Quantum gates between capacitively coupled double quantum dot two-spin qubits

TL;DR

This paper explores how to implement two-qubit controlled-NOT gates using spin states of electrons in double quantum dots, leveraging Coulomb interactions and electrical tuning for entanglement.

Contribution

It introduces a method for realizing entangling gates by tuning bias and tunneling within double quantum dot qubits, controlled via Coulomb interactions.

Findings

Entangling gates can be achieved through electrical biasing and tunneling tuning.

Gate operation is controlled by resonance between singlet states.

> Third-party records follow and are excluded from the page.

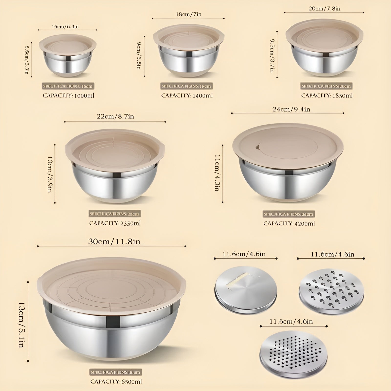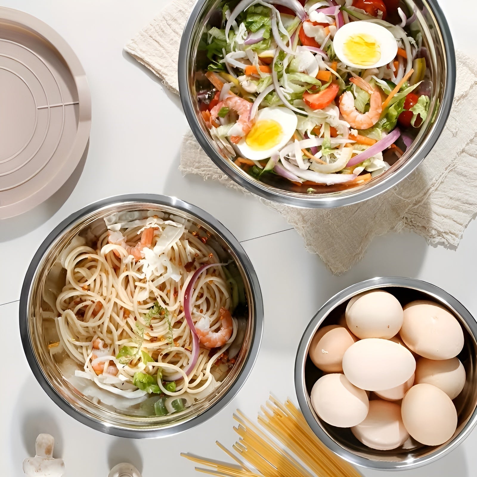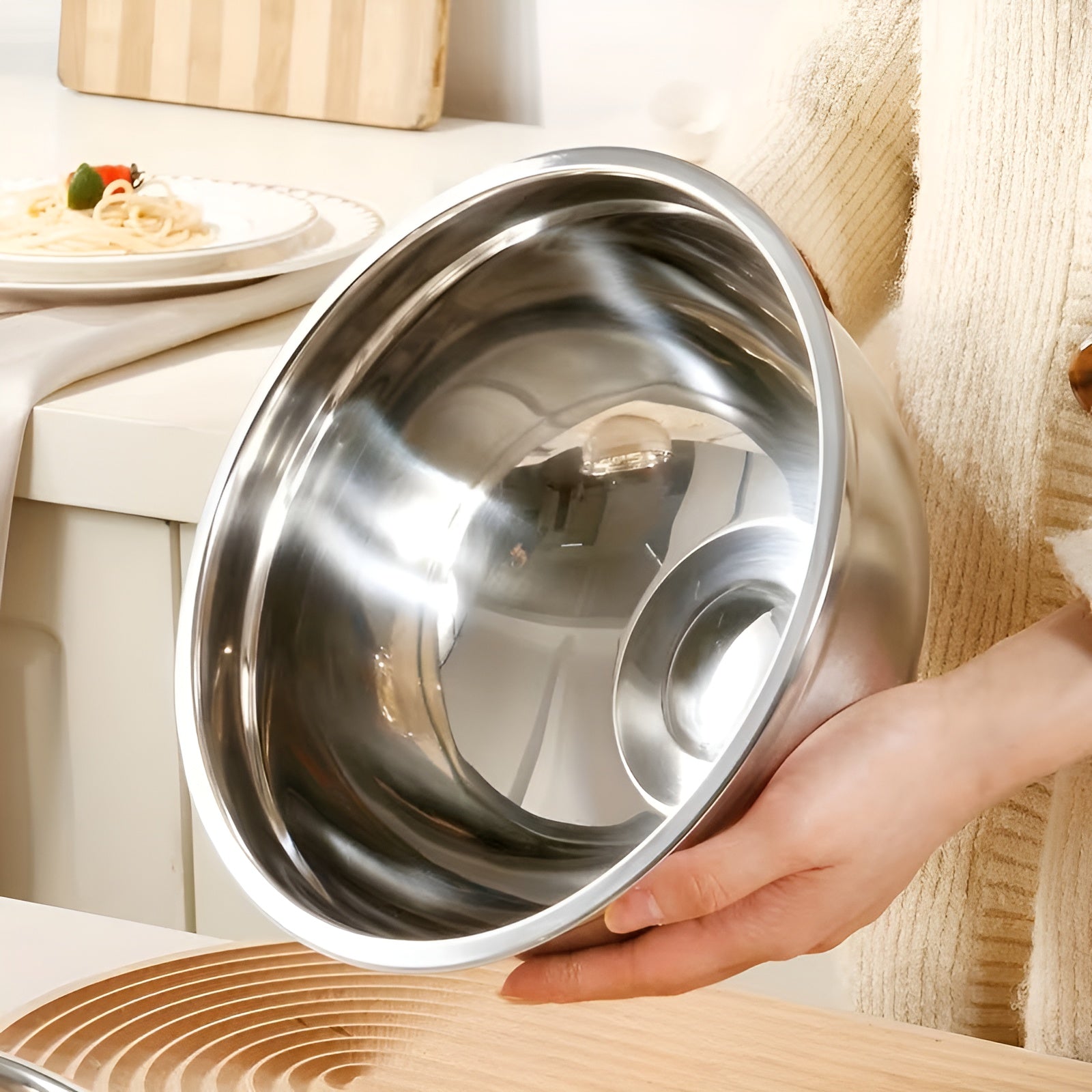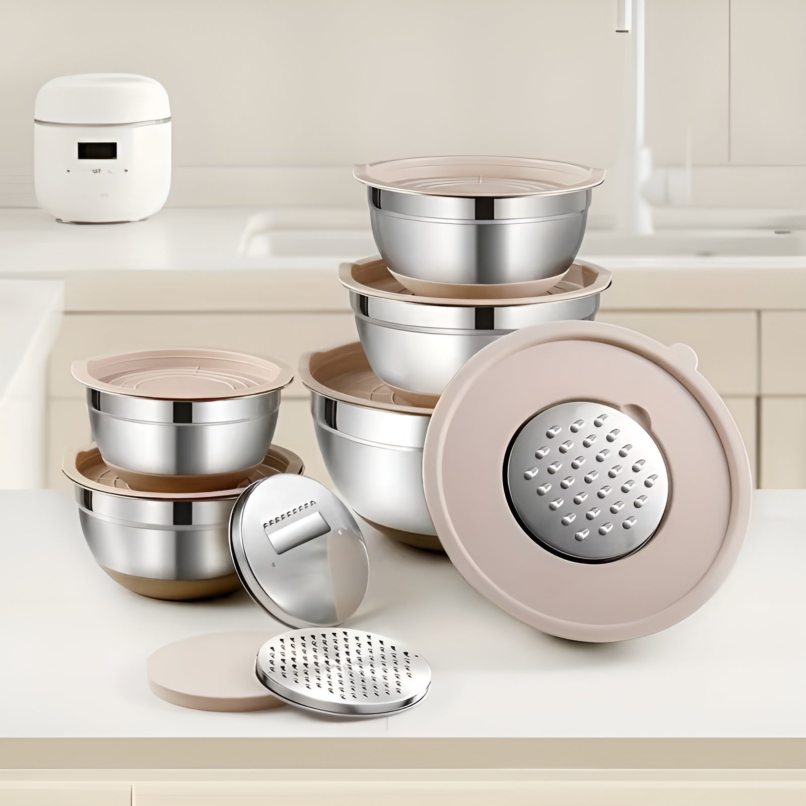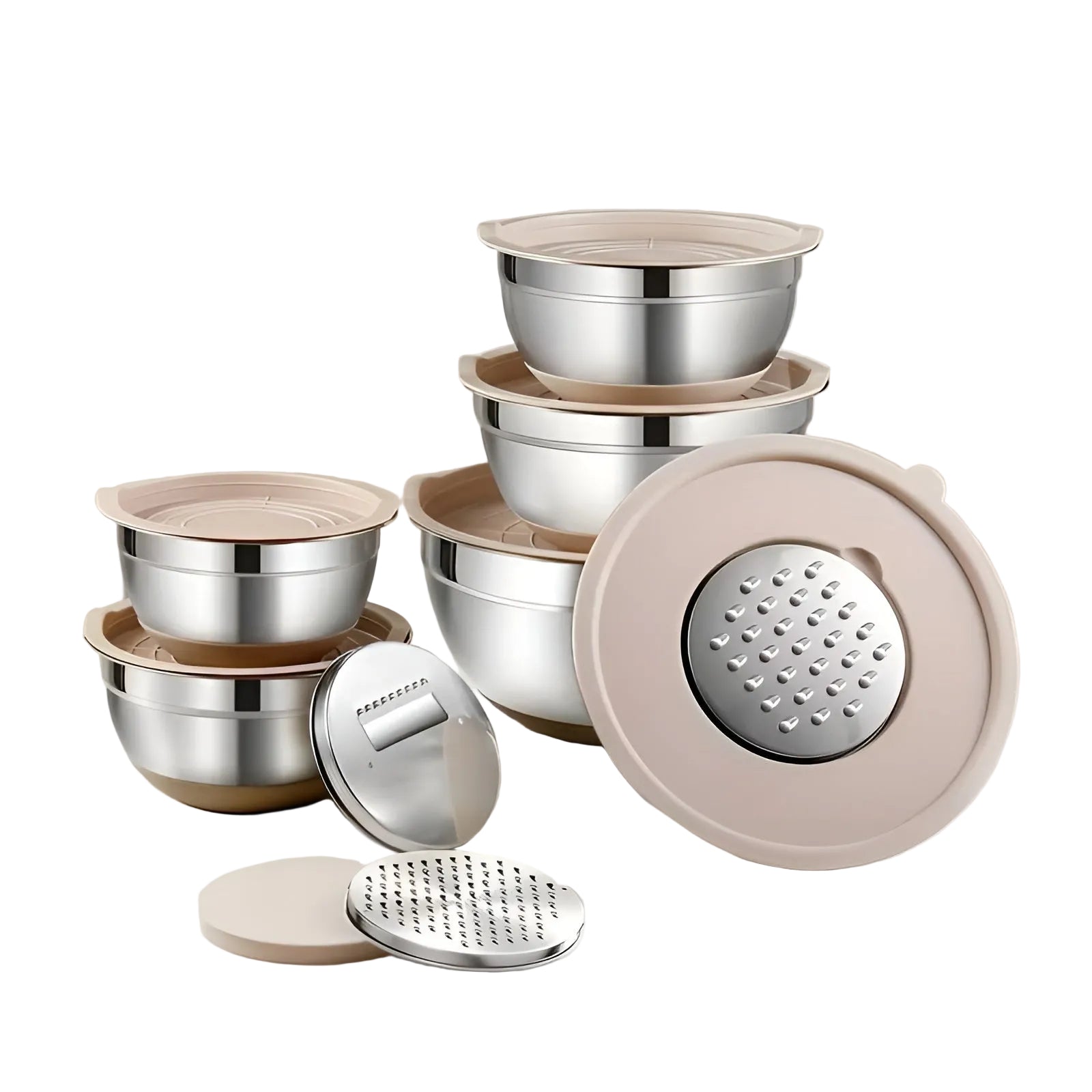 Gefertigt aus hochwertigem Edelstahl, sind die Schüsseln langlebig, geschmacksneutral und spülmaschinengeeignet. Die verschiedenen Größen decken jede Aufgabe ab – vom schnellen Dressing bis zur großen Teigmenge. Das zeitlose Khaki-Design passt in jede Küche und macht das Set auch zu einer idealen Geschenkidee.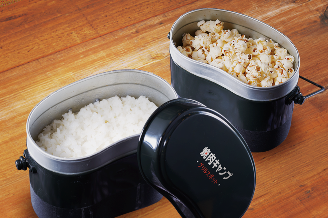 自分のテーブルで炊いて作る飯盒ごはんは、粒立ちが良くお米の甘味が際立って、スパイシーなキャンプのお肉とよく合います。また飯盒を使ったポップコーンはポンポンという音と一緒に香りとコーンが弾けます。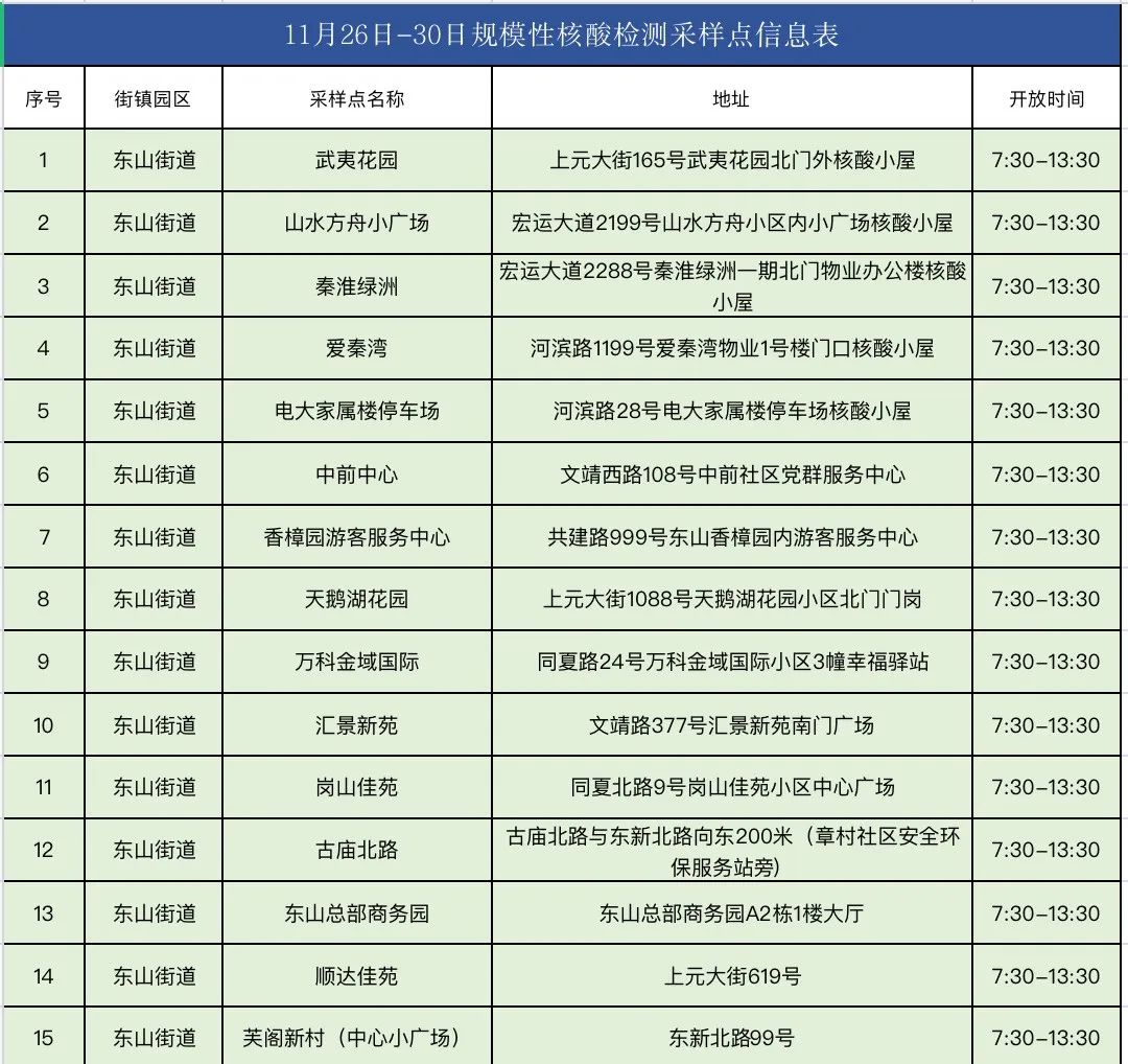为全面摸排疫情防控风险点、快速切断本土疫情传播链,做到“早发现”“早处置”,根据全市统一部署,定于11月26日-30日在全区连续5天每天开展区域性核酸检测,有关事项通告如下: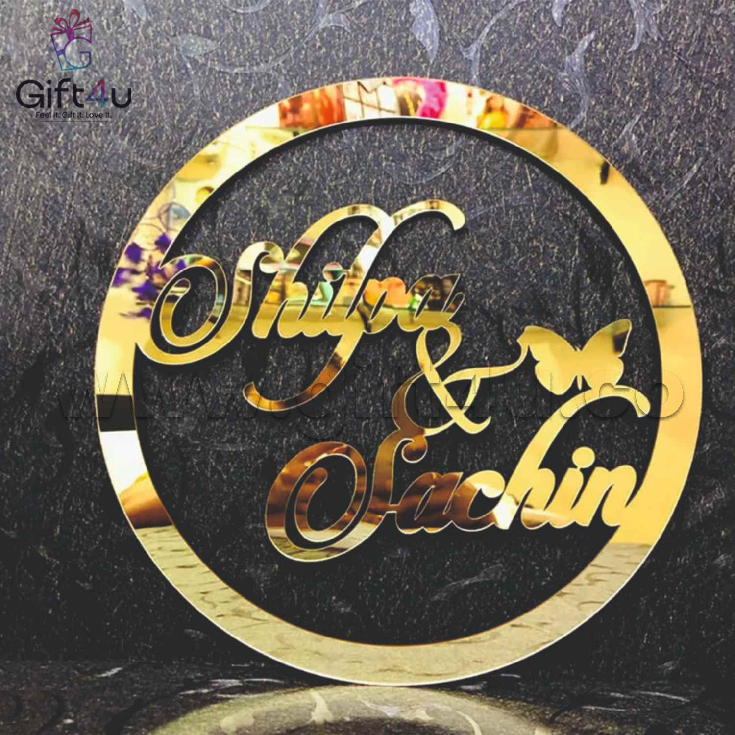 Add a touch of elegance to your home or special event with this stunning Personalized Golden Acrylic Name Plate. Crafted from high-quality acrylic with a reflective golden finish, this 15x15 inch name plate beautifully showcases your chosen names in a graceful, script-style font.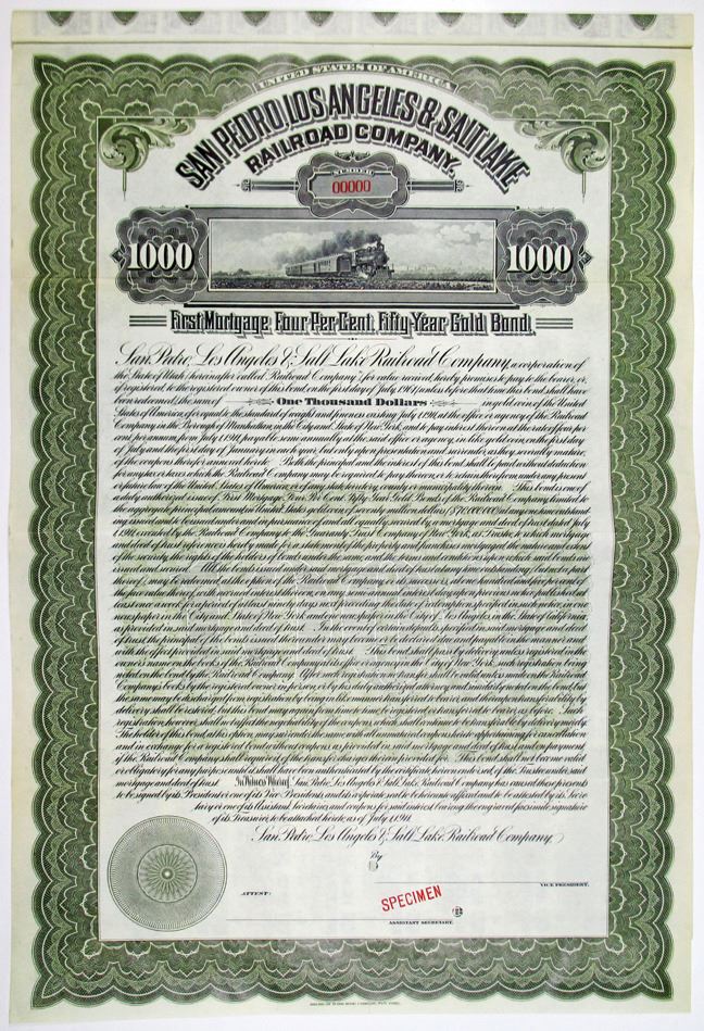 Utah 1911. $1000 Specimen 4% First Mortgage Gold Coupon Bond, Black text with olive border and undertint, Train passing on tracks in rectangular frame at top center. Red specimen overprints, 00000 serial number, and POCs. VF condition, ABNC. Only listed as a specimen in Cox, Rare.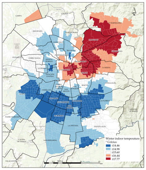 At the national level, the environmental and climatic impacts on the city have been extensively studied at a territorial scale—for example, the configuration of the urban heat island in Santiago de Chile [64,65]—but less so on links with socio-spatial aspects [66]. In conceptual terms, the development of the notion of “territorial energy vulnerability” by the RedPE [67] is a significant advance, though still lacking an empirical analysis that allows the evaluation of the impacts of socioeconomic, urban, and climatic variables at the territorial scale in terms of energy poverty.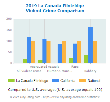 In 2019 the city violent crime rate in La Canada Flintridge was lower than the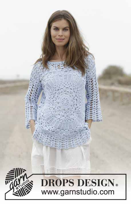 Camicetta all'uncinetto con motivo a fori, lavorare dal centro verso l'esterno. Taglia S - XXXL. Il lavoro è lavorato all'uncinetto in DROPS Paris Recycled Denim.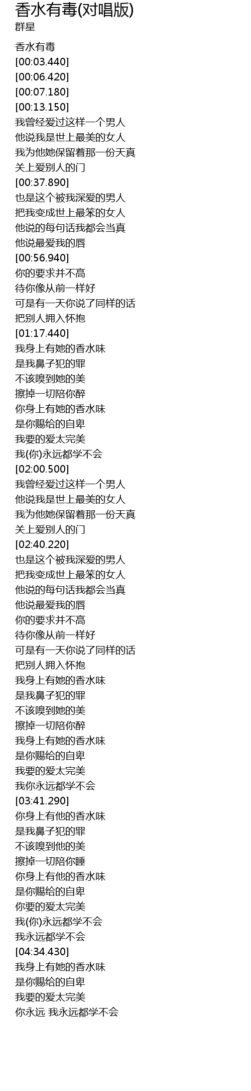 | [03:24.990] | wǒ shēn shàng yǒu tā de xiāng shuǐ wèi |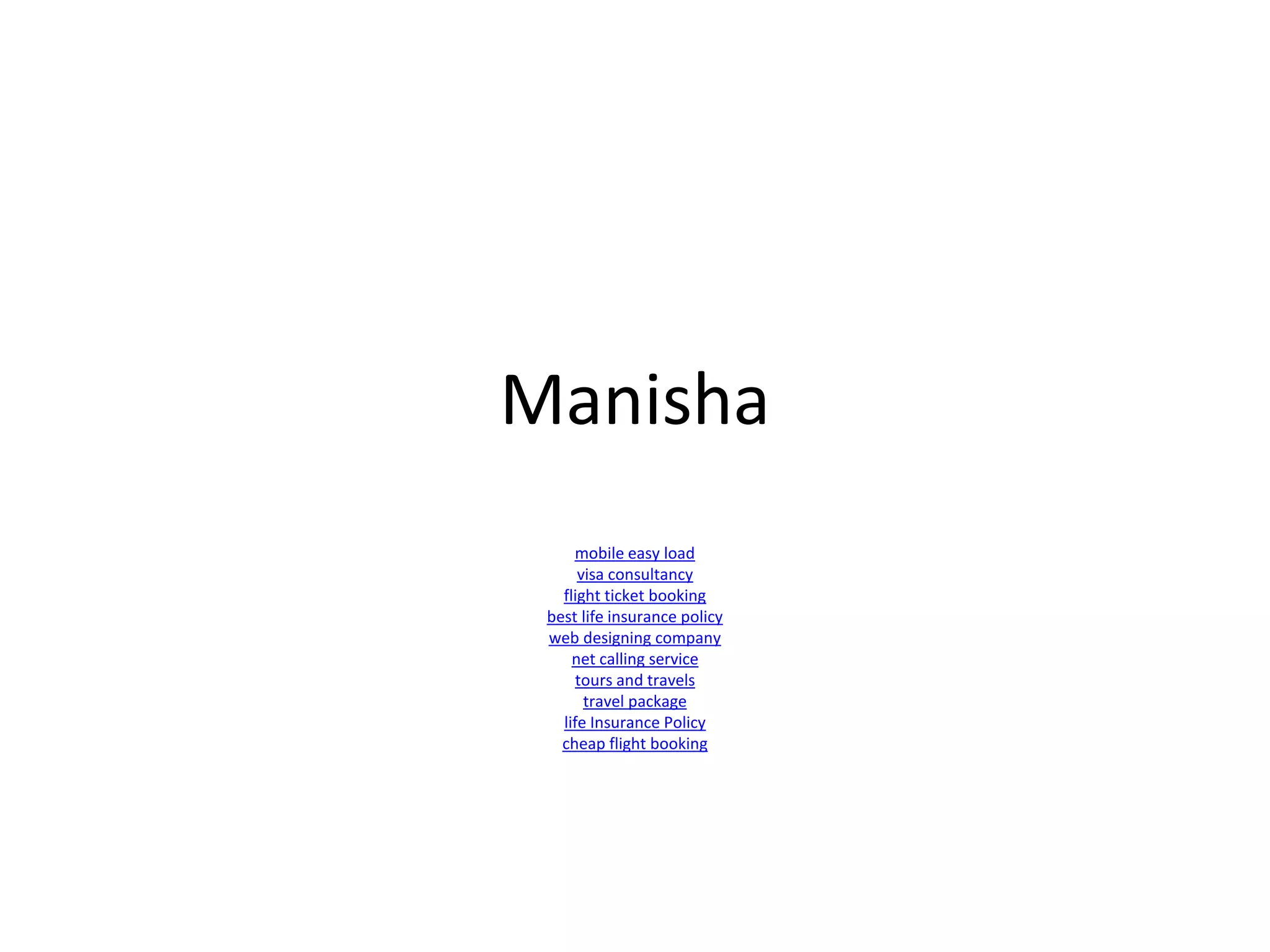 This document lists various services including mobile recharge, visa consultancy, flight ticket booking, life insurance policies, web design, internet calling, tours and travel packages, and cheap flight booking. It appears to advertise an individual or company called Manisha that offers these consumer and business services.

Coulomb repulsion mediates the qubit interaction.

Abstract

We study the two-qubit controlled-not gate operating on qubits encoded in the spin state of a pair of electrons in a double quantum dot. We assume that the electrons can tunnel between the two quantum dots encoding a single qubit, while tunneling between the quantum dots that belong to different qubits is forbidden. Therefore, the two qubits interact exclusively through the direct Coulomb repulsion of the electrons. We find that entangling two-qubit gates can be performed by the electrical biasing of quantum dots and/or tuning of the tunneling matrix elements between the quantum dots within the qubits. The entangling interaction can be controlled by tuning the bias through the resonance between the singly-occupied and doubly-occupied singlet ground states of a double quantum dot.